This is in reply to your letter of October 19, 1992 concerning the tax implications arising out of certain transactions involving an individual who has subscribed to a registered education savings plan ("RESP").

You refer in your letter to a situation where an individual subscribed to an RESP 15 years ago when his child was 1 year old.  You are concerned with the tax implications and the procedures to follow where the individual transfers/sells the program to a neighbour for consideration.  You cite as an example one where the RESP capital would remain the property of the individual but the income element of the RESP amounting to $30,000 would be sold to his neighbour for a fair market value of $20,000.  You mention that this is possible because your plan allows the transfer of scholarships from one individual to another, up to the age of 17.

Our Comments

Written confirmation of the tax implications inherent in a particular set of facts is given by this Directorate only where the facts relate to a proposed transaction that is the subject matter of an advance ruling request submitted in the manner set out in Information Circular 70-6R2.  Where the facts relate to a completed transaction, the enquiry should be addressed to the relevant District Taxation Office.  We offer, however, the following general comments.
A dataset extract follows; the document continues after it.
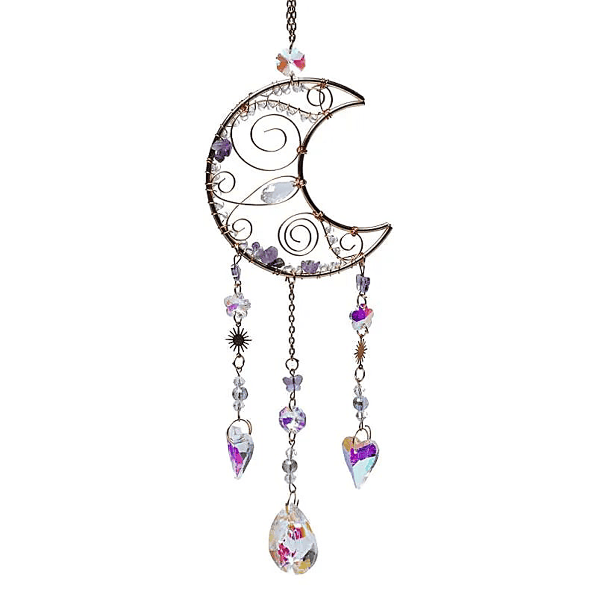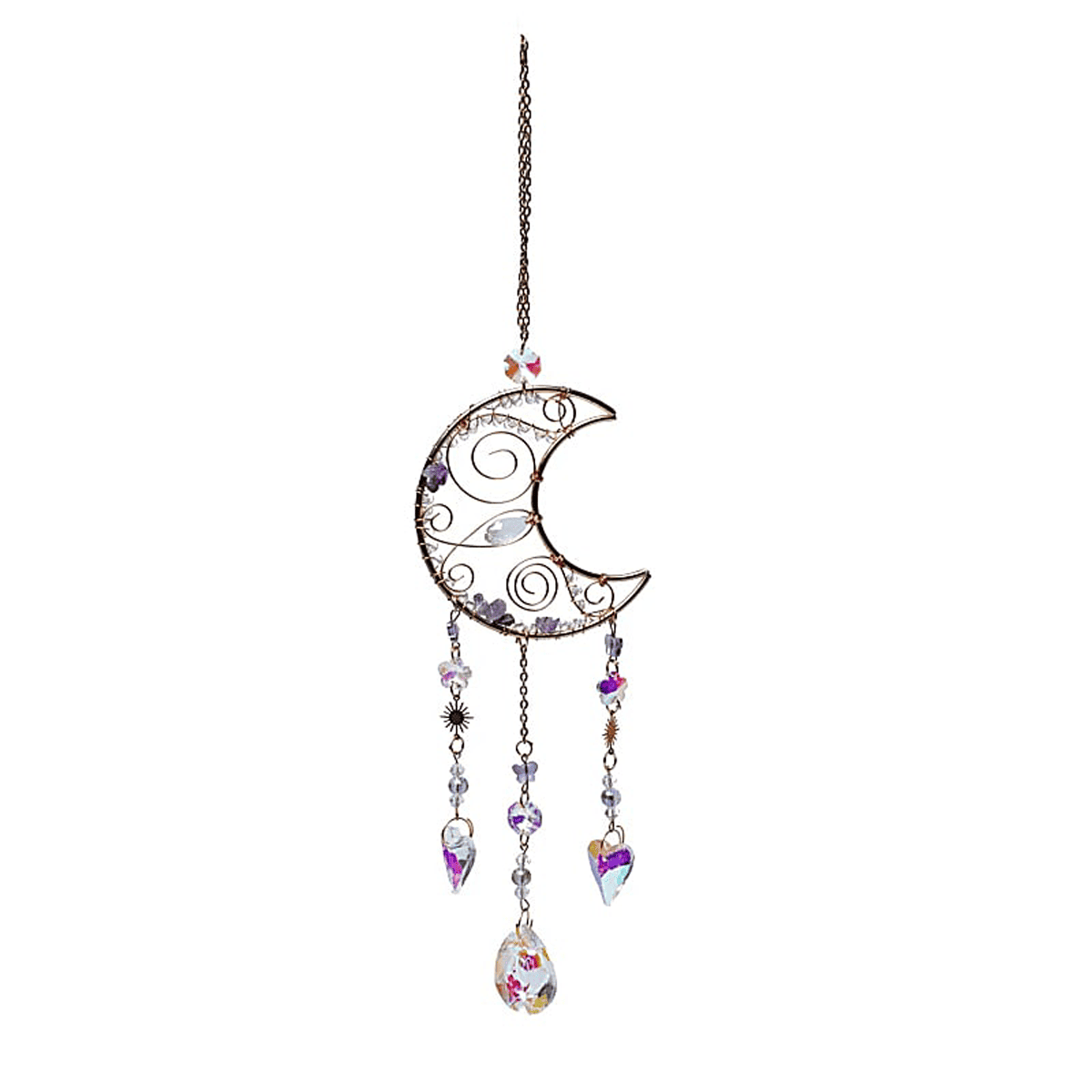 Křišťálový závěs dodá vašemu prostoru malebný a lehký nádech. Nádherný lapač slunce ve tvaru půlměsíce. Je vyroben z propracovaného drátěného rámu a je doplněn barevně třpytivými korálky, skleněnými přívěsky ve tvaru srdce a kapky s akcenty z přírodního ametystu.

Since the example in your letter indicates that the individual would continue to be the subscriber and therefore that no new plan would be involved, we presume your reference to "transferring scholarships from one individual to another" refers simply to changing the beneficiary under the RESP.  In this regard, there is nothing in the Act precluding a subscriber to an RESP from changing the beneficiary under the RESP and, where the RESP permits only one beneficiary, the beneficiary need not be connected to the subscriber by blood relationship or adoption.  As indicated in paragraph 146.1(2)(j) of the Income Tax Act (the ("Act"), this connection is required only where the RESP permits more than one beneficiary at the same time.

The right under an RESP to change beneficiaries is a property of the subscriber.  Where a subscriber agrees for a price to name another person's child as the RESP beneficiary, we would expect the other person to insist that the subscriber give up his right to make any further beneficiary changes.  Consequently, the subscriber would be disposing of that right and 75% of the resulting capital gain would be required to be included in computing his income.

Where an individual is made a beneficiary under an RESP, paragraph 146.1(2)(l) provides that the promoter shall, within 90 days, notify the individual (or the individual's parent where the individual is under 19 and ordinarily resides with the parent) in writing of the existence of the plan and the name and address of the subscriber in respect of the plan.

For the purposes of the "excess amount" computation in subsection 204.9(1) of the Act, paragraph 204.9(4)(a) of the Act provides that all payments made into the RESP before a beneficiary is changed shall be deemed to have been made in respect of the new beneficiary.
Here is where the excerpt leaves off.